The work that followed built upon that introduction, better-incorporating facets of what he actually listened to, and the wide-ranging versatility reflected amongst that. Some of the time, his work would veer into a more R&B-meets-rap atmosphere, where clanging productions would meet guest collaborators across the wide-ranging genre umbrella. Other times, his sound would sit in a Mac DeMarco-esque indie world, stripped back to its most bare-boned and personal. The most exciting thing was that you couldn’t really tell what sound was coming next - something which has become somewhat of a musical ethos to Verzache that strives in his debut album My Head Is A Moshpit, arriving earlier in March.

Verzache’s journey through musicianship began like that of many others. He started with the stereotypical piano lessons - “I didn’t think it was very cool,” he reflects - before ditching it for instruments “that the ‘cool kids’ play,” like guitar and drums. He remembers having particular affixation for the guitar, recounting a time where he would listen to John Mayer songs over and over again in an attempt to teach himself how to play them: “I would play the same bit for hours, trying to figure it out and trying to get it down as good as him,” he laughs. “I already had the passion for it back then.”

Eventually, he got caught up in the wind of Soundcloud, which at the time, was the defining place for dance music’s next generation, and the experimentalism that kept the genre moving forward. Inspired by this, he started producing - sort-of. “I would literally just put a beat together with an a capella and be like ‘Yoooo! This is sick!’, even if I didn’t really do anything to it,” he laughs. It was a trial and error approach, one where Farache would spend hours on end tinkering away with different sounds and textures, until he found something that stuck; something that sounded ‘fresh’ regardless of what genre or sub-genre it might’ve been.

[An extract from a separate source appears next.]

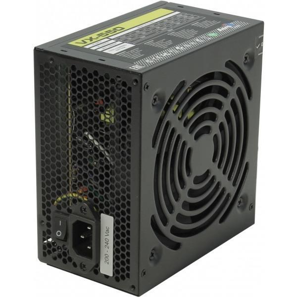 Блок питания Aerocool VX 550W PLUS [VX-550 PLUS] - надежная модель, отличающаяся превосходной производительностью и стильным внешним видом. В лице этого устройства комплектующие элементы компьютера получат необходимый источник электроэнергии, а системный блок - еще одно устройство с оригинальным дизайном. Помимо документации модель укомплектована сетевым кабелем питания и крепежными винтами для надежного размещения блока питания внутри корпуса компьютера. Имеется активный вентилятор охлаждения с размерами 120x120 мм. Блок питания Aerocool VX 550W PLUS [VX-550 PLUS] оснащен кабелем питания длиной 50 см с разъемом 20+4 pin и кабелем длиной 55 см с интерфейсом 1x 4+4 pin на конце для обеспечения электроэнергией процессора. Для питания видеокарты используется разъем 1x 6+2 pin. Также конфигурация рассматриваемой модели предусматривает три разъема 15-pin SATA, три интерфейса 4-pin Molex и один разъем 4-pin для питания дисковода. Устройство имеет стандартный диапазон входного напряжения сети - 230 В.

Growing up, he notes that the Farache household wasn’t exactly a musical one, let alone whose CD players would veer away from chart-toppers like Michael Jackson bar for the occasional funk musician here and there - “there was a lot of Boney M,” he remembers. Nevertheless, it was a space he carved out for himself, taking notes from TV scores through to Tyler The Creator and The Beatles - nothing was off-limits, much like how no sound is off-limits when it comes to music of his own.

“People listen to a lot of stuff now; they aren’t very one dimensional with their music tastes like they might’ve been or might’ve led people to believe they were in the past,” he reflects, after talking about his versatile and constantly-changing music taste for much of the last few minutes. “People are no longer like ‘yeah I just listen to rock music because that’s me’. Like, no-one does that anymore! There’s a little bit of inspiration from that in my own music too.”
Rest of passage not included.